What home items are frequently bought before and after my family join me?

part 1: 2017

#Data type convertion
vmeEXP$category <- factor(vmeEXP$category )
vmeEXP$Month <- factor(vmeEXP$Month )
vmeEXP$Year <- factor(vmeEXP$Year )
vmeEXP_2017 <- subset(vmeEXP, Year='2017')
p1 <- ggplot(subset(vmeEXP, Year='2017'), aes(x=Month,y=amount, colour=category,group=Month)) +
    geom_point() +
    ggtitle("The  Most Purchased Items 2017")
p1

    Oct-2017 ATM transaction has highest amount  >2000

part 2: 2016

p2 <- ggplot(subset(vmeEXP, Year='2016'), aes(x=Month,y=amount, colour=category,group=Month)) +
    geom_point() +
    ggtitle("The  Most Purchased Items 2016")
p2

Oct-2016 ATM transaction has highest amount >2000

What is the general increase in monthly expense 2017?

part1 : Monthy highest Expense 2017

p3 <- ggplot(subset(vmeEXP, Year='2017'), aes(x=Month, y=amount, fill=category)) + geom_bar(stat="identity") +   ggtitle("Monthy highest Expense 2017")
p3

August and October show the highest expense. while March, may, april have the lowest. March, May and April I was leaving single without family.

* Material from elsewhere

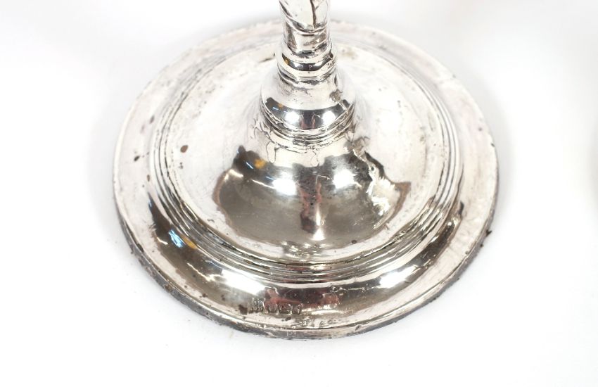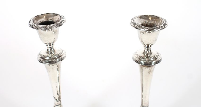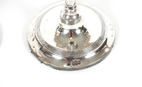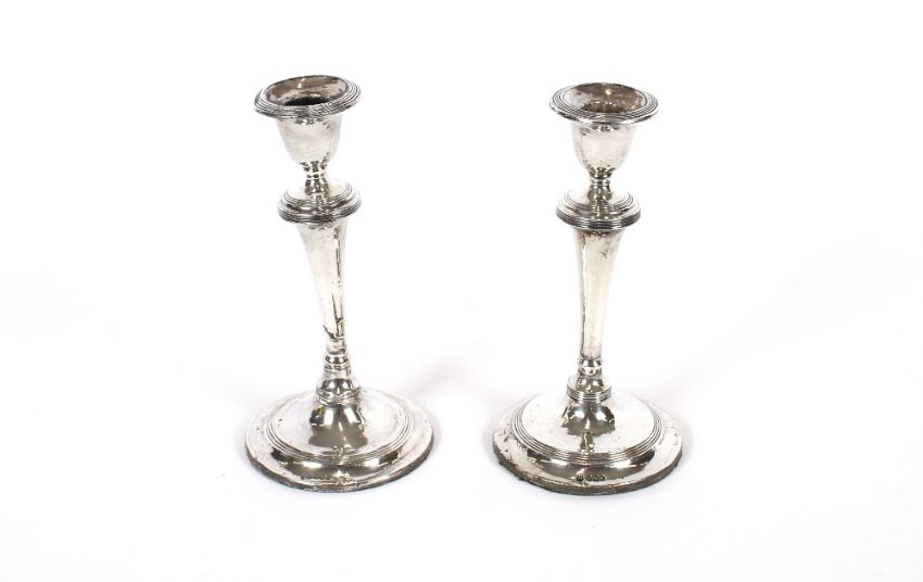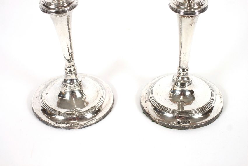 A pair of silver candlesticks, with reeded decoration, loaded bases, Sheffield 1908, 22cm high AF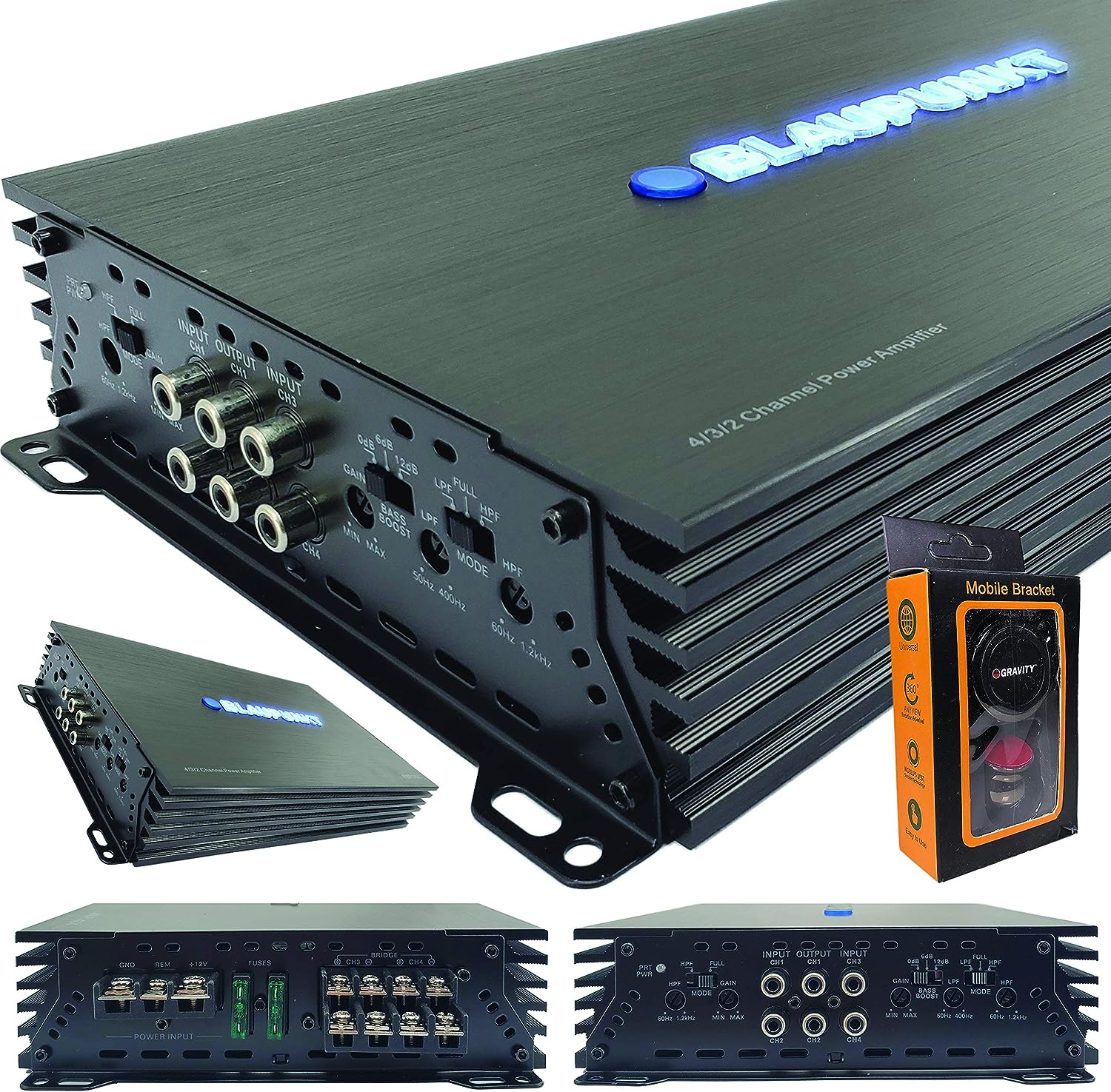 Blaupunkt AMP1404 Car Audio 4-Channel Amp Amplifier 1500 Watts Max Peak Power with Gravity Magnet Phone Holder Bundle

part2 : Monthy highest Expense 2016

p4 <- ggplot(subset(vmeEXP, Year='2016'), aes(x=Month, y=amount, fill=category)) + geom_bar(stat="identity") +   ggtitle("Monthy highest Expense 2016")
p4

help("multiplot")
## No documentation for 'multiplot' in specified packages and libraries:
## you could try '??multiplot'

What is the general comparison before and after joining with the family 2016/2017?

p5 <- ggplot(vmeEXP, aes(x=Year, y=amount)) + geom_bar(stat="identity", colour="#FF9999")  + ggtitle("Compare  Buying Habits  between 2016 and 2017")
p5

catSumary <- vmeEXP %>% group_by(category,Year)
catSumary1 <- catSumary %>% summarise(Total = sum(amount))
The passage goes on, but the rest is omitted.